Task directions => Exactly as written, copy the lines that run from the start of the data below to the line containing "Şekil C.142. Avlu", both ends included.
::: Dataset excerpts
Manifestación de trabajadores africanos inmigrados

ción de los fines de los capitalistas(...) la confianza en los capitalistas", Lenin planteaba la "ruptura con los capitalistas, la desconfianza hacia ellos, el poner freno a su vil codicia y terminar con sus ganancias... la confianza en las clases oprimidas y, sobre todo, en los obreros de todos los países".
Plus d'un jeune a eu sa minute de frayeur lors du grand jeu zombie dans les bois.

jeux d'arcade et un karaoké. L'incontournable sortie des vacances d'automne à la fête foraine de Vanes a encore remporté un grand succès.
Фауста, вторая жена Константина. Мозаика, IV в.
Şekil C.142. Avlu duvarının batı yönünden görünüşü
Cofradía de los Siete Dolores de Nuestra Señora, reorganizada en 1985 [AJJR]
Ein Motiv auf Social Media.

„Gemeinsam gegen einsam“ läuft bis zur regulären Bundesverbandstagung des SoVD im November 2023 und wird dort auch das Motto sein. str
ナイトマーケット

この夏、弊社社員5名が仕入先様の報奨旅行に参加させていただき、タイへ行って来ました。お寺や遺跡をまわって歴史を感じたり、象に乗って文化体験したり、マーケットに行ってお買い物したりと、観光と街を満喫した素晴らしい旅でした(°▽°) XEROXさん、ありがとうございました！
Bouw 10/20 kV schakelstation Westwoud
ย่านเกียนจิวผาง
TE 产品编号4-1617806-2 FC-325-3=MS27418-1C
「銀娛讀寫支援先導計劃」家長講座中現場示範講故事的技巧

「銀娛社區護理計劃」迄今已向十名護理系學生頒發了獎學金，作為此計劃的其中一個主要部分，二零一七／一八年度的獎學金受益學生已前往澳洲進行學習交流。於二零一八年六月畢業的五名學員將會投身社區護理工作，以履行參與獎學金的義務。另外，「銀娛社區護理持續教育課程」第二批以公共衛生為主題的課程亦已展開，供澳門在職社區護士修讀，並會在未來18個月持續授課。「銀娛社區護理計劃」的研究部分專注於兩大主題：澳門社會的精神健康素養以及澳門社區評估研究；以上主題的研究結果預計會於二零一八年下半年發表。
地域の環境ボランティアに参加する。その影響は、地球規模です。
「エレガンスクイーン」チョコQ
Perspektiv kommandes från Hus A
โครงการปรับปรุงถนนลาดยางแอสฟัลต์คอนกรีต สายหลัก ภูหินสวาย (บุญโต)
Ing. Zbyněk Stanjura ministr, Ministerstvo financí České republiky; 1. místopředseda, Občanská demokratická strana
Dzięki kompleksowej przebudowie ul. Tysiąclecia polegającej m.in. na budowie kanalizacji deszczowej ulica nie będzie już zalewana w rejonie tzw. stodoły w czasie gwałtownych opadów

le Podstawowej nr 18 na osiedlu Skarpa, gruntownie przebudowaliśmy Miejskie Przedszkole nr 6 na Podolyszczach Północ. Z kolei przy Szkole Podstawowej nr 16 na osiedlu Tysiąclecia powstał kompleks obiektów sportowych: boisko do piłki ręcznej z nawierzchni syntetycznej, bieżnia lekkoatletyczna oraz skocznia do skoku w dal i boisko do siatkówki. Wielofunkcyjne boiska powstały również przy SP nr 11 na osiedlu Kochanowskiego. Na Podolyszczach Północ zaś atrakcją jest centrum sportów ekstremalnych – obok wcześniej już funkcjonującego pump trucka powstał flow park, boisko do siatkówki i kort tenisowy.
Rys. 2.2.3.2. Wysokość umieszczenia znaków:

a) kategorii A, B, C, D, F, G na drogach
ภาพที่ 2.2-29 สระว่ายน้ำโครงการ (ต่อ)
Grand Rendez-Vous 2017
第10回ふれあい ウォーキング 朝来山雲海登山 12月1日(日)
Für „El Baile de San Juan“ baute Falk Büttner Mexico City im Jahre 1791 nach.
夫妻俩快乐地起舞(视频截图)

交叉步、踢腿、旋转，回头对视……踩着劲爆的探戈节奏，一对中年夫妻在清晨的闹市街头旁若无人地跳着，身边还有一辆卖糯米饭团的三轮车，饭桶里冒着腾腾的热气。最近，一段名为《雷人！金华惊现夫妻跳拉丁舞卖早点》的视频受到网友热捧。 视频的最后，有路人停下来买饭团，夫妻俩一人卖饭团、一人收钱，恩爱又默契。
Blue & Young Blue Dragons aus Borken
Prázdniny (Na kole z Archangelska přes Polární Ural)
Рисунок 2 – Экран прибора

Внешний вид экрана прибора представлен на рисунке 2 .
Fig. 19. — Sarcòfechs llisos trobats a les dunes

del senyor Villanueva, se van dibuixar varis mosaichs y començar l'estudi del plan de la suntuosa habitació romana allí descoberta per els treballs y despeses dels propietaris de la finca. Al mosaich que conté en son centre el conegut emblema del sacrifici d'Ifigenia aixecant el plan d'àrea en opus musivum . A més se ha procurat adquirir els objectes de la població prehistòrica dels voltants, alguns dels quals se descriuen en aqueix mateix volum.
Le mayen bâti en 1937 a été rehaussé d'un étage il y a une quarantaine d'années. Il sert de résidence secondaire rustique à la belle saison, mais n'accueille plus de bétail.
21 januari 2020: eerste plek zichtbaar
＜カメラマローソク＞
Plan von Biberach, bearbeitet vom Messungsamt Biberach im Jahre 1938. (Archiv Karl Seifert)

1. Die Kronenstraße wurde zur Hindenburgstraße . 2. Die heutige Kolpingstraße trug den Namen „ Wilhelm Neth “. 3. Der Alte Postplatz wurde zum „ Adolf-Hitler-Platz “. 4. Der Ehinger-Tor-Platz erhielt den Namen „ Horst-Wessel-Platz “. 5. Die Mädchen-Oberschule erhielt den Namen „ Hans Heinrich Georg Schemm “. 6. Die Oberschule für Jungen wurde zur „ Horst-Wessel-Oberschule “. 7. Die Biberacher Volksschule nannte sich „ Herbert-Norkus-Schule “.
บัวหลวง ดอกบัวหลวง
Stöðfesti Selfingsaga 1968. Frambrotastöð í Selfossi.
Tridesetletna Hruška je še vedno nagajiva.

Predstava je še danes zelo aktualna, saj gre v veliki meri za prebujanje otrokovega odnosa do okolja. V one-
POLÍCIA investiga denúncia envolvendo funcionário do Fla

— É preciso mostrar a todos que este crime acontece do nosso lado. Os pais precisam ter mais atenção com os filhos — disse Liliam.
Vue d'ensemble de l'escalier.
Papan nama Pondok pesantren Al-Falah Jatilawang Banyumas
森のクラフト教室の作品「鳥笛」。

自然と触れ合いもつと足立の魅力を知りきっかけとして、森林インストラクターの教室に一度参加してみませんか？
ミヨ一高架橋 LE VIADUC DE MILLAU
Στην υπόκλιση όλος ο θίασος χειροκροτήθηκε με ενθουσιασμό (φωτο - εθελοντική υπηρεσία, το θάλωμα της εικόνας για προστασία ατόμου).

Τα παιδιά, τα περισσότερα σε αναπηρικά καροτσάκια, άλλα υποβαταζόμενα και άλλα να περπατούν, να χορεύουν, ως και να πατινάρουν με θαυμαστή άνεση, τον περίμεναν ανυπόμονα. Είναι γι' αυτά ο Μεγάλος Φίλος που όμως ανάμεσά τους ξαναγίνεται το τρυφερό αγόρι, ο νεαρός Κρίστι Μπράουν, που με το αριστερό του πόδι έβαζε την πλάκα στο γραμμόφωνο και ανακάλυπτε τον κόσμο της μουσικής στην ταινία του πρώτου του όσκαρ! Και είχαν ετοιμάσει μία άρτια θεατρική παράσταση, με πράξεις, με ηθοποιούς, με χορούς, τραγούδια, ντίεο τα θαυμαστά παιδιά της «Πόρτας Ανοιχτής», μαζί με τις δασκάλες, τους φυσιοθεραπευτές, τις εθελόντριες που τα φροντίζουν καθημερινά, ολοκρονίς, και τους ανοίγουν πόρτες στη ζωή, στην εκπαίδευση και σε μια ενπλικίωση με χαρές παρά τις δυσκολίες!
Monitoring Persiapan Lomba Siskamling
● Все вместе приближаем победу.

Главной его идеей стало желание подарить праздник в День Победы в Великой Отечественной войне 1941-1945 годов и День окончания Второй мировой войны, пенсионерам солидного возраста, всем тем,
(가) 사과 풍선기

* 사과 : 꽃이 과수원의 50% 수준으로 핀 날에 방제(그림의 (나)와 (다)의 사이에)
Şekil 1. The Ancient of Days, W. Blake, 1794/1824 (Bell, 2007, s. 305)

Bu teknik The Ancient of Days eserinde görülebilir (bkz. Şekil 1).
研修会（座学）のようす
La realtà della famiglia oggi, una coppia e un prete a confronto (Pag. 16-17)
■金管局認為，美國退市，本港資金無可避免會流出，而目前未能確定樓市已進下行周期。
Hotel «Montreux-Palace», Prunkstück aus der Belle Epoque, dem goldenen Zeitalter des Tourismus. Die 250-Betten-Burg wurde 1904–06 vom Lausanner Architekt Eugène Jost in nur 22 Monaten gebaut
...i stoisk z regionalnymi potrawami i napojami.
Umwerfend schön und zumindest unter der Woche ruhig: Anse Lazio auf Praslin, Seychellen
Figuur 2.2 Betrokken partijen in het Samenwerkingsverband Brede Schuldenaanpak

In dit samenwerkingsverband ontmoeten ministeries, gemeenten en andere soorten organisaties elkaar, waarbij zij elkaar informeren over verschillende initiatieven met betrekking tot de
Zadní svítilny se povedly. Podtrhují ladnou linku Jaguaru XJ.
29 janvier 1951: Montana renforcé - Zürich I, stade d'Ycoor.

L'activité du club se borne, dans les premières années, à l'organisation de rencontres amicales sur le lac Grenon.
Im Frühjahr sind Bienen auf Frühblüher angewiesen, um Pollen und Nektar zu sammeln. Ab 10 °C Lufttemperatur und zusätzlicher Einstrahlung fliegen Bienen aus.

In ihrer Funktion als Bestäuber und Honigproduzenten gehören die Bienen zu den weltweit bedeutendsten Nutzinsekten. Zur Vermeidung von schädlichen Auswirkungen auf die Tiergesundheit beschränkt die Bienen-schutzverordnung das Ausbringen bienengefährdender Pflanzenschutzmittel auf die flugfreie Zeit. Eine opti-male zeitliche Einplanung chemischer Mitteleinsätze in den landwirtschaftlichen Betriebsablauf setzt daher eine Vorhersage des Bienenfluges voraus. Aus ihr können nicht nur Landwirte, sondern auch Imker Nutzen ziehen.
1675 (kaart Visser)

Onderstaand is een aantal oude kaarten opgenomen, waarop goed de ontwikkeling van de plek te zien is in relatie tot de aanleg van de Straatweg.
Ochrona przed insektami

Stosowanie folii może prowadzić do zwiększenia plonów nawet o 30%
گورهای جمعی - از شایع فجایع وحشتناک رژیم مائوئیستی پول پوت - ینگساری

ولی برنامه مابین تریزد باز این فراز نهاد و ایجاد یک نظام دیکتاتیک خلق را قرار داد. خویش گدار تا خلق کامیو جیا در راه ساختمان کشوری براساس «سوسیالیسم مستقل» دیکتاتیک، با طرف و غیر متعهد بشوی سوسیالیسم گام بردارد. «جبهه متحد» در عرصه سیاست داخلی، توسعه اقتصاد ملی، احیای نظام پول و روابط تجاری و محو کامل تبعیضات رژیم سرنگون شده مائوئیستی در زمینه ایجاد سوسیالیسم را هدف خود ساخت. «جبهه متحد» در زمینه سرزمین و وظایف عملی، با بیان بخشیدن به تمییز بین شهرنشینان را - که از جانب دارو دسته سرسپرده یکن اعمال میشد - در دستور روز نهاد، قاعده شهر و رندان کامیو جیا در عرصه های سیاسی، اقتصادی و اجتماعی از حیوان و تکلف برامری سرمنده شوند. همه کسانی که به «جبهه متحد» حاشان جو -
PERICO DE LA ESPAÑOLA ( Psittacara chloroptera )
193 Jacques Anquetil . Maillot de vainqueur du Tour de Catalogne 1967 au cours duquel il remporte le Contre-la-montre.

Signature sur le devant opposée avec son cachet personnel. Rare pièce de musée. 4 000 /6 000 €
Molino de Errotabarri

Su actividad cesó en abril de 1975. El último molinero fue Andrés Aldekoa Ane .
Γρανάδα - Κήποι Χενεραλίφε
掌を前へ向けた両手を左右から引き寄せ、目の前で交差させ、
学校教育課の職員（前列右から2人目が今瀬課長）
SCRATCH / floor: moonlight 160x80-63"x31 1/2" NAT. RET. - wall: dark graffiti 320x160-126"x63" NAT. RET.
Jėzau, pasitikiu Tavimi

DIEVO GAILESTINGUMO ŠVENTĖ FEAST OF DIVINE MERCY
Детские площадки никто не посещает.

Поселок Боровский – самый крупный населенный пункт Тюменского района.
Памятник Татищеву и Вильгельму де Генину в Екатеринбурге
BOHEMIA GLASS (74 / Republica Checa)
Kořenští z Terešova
::::::
Finished exercise =>
Manifestación de trabajadores africanos inmigrados

ción de los fines de los capitalistas(...) la confianza en los capitalistas", Lenin planteaba la "ruptura con los capitalistas, la desconfianza hacia ellos, el poner freno a su vil codicia y terminar con sus ganancias... la confianza en las clases oprimidas y, sobre todo, en los obreros de todos los países".
Plus d'un jeune a eu sa minute de frayeur lors du grand jeu zombie dans les bois.

jeux d'arcade et un karaoké. L'incontournable sortie des vacances d'automne à la fête foraine de Vanes a encore remporté un grand succès.
Фауста, вторая жена Константина. Мозаика, IV в.
Şekil C.142. Avlu duvarının batı yönünden görünüşü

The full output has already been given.